| Problem to solve |
Lines from the one holding "ICON Mechanizm gniazda" through the end of the entries, inclusive, form the whole output; reproduce them exactly and omit pictures.

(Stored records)

────────────────────────────────────────

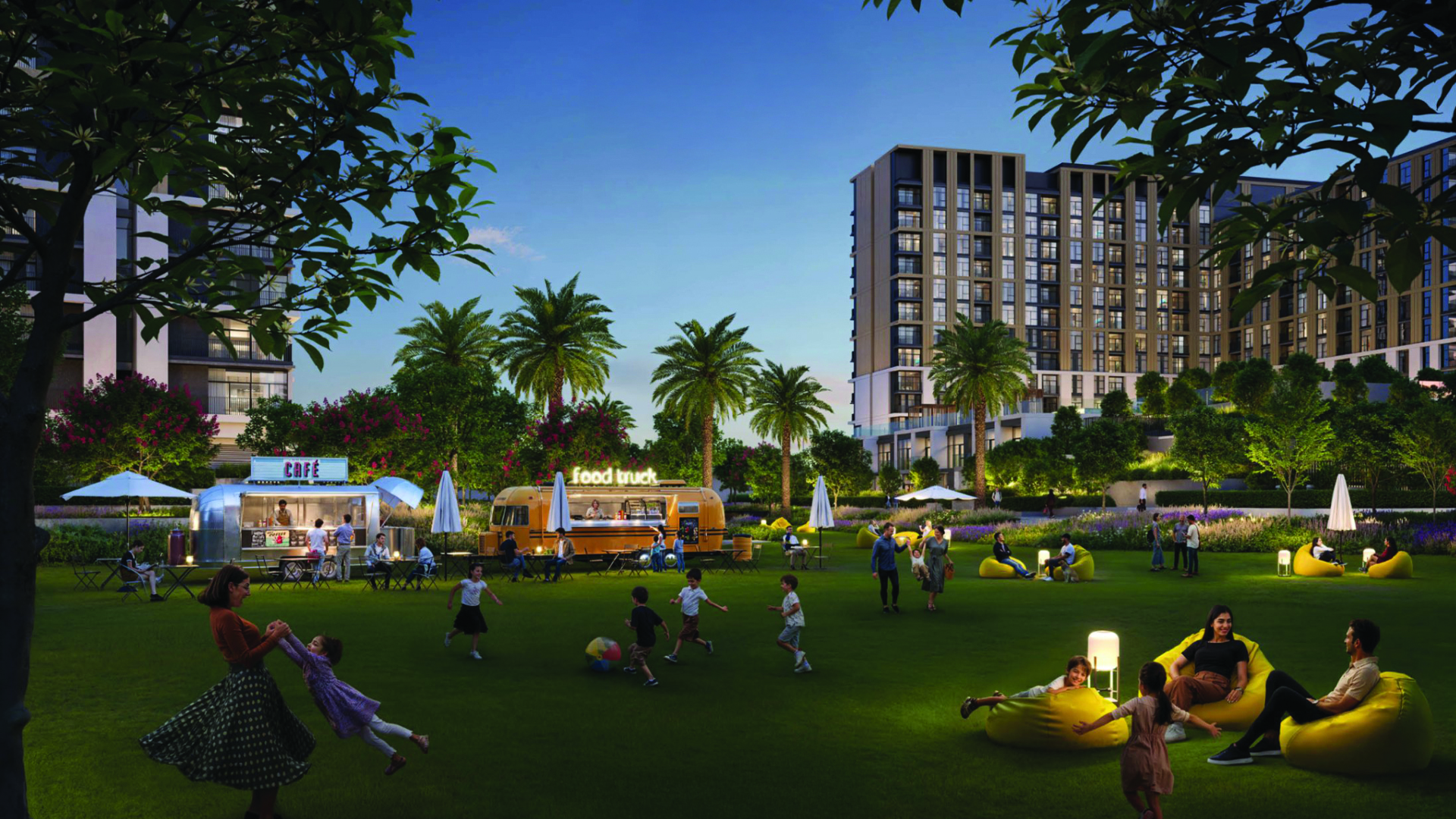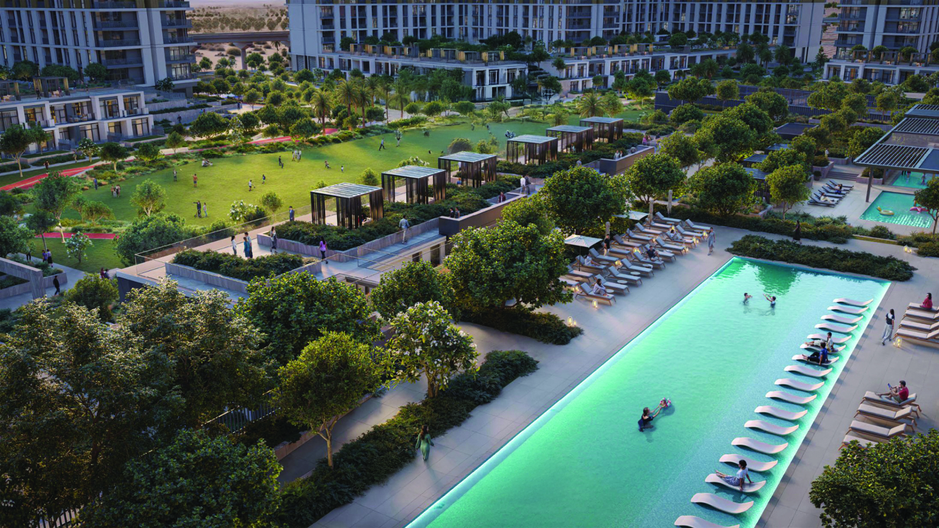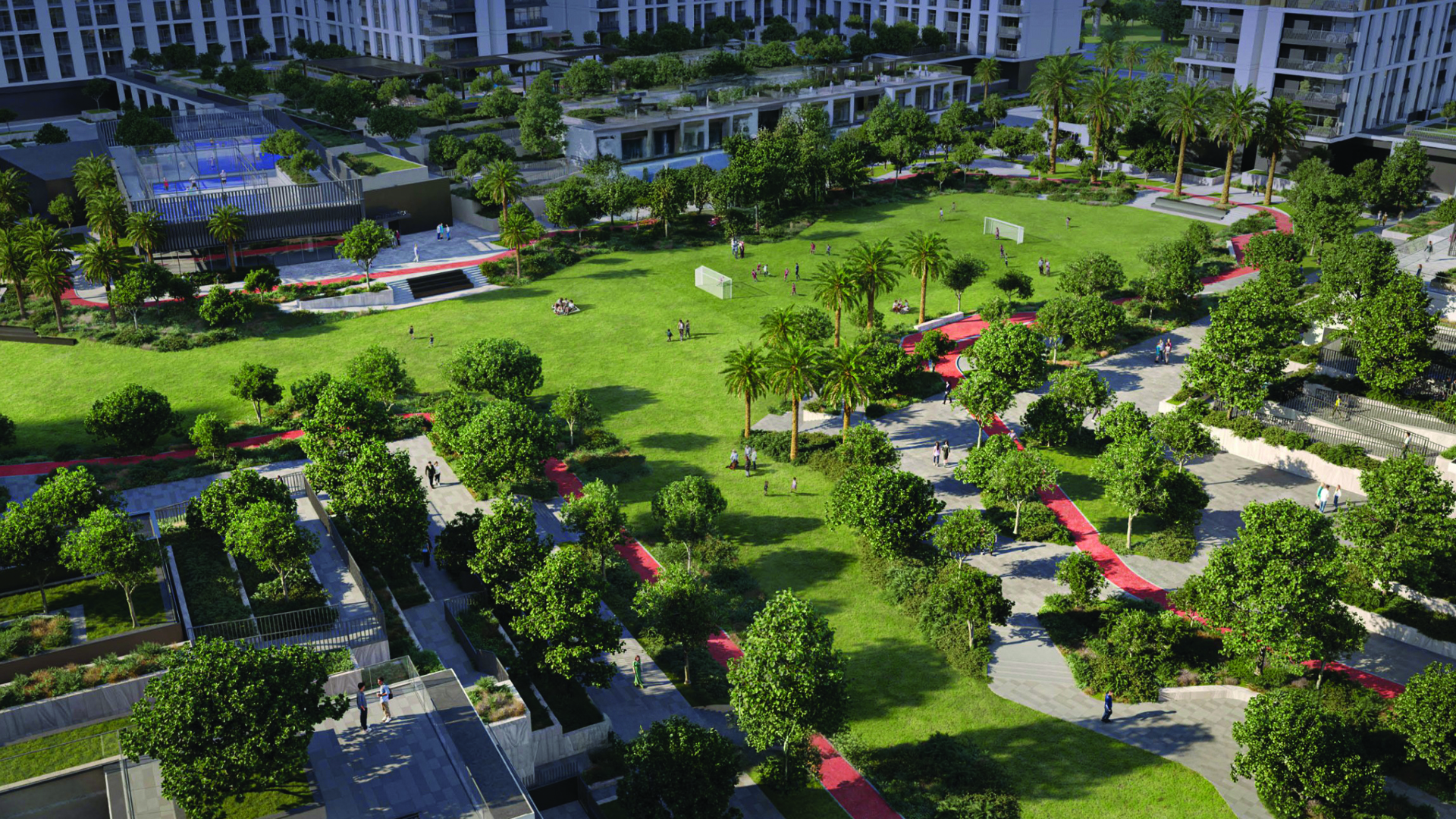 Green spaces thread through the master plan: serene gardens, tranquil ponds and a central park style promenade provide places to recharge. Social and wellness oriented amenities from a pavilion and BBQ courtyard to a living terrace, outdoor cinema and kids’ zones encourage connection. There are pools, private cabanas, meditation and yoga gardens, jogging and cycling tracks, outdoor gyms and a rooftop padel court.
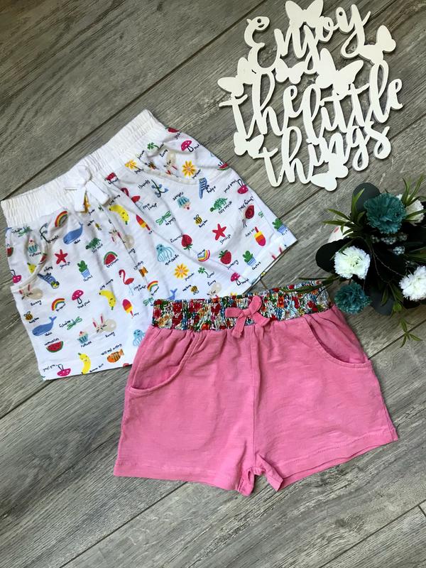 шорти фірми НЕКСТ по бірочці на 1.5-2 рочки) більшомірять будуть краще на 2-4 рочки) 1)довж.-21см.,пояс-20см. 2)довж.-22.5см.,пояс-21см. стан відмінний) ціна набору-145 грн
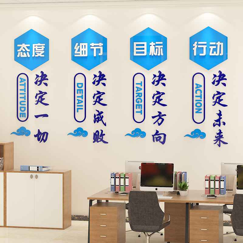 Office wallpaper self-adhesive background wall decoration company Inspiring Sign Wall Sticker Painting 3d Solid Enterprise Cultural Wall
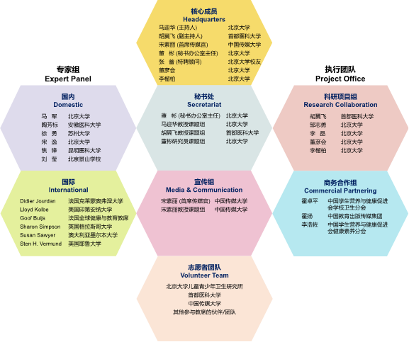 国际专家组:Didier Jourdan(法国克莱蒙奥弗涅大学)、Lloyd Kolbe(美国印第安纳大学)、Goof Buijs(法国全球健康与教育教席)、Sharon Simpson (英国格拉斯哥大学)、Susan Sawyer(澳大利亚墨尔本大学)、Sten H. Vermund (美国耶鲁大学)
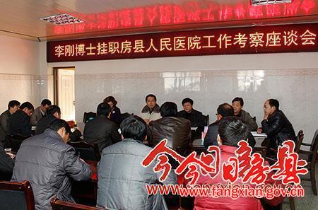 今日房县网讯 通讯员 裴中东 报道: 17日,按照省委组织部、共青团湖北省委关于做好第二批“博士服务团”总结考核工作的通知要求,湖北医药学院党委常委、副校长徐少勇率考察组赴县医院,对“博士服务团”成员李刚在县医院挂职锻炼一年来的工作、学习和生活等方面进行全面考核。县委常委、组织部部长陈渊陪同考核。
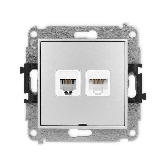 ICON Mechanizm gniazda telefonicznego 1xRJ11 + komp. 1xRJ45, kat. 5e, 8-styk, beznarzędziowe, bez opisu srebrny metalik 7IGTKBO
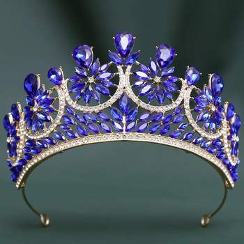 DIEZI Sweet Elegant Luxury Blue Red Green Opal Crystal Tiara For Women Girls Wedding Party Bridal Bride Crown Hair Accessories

────────────────────────────────────────

| Result |
 ICON Mechanizm gniazda telefonicznego 1xRJ11 + komp. 1xRJ45, kat. 5e, 8-styk, beznarzędziowe, bez opisu srebrny metalik 7IGTKBO
 DIEZI Sweet Elegant Luxury Blue Red Green Opal Crystal Tiara For Women Girls Wedding Party Bridal Bride Crown Hair Accessories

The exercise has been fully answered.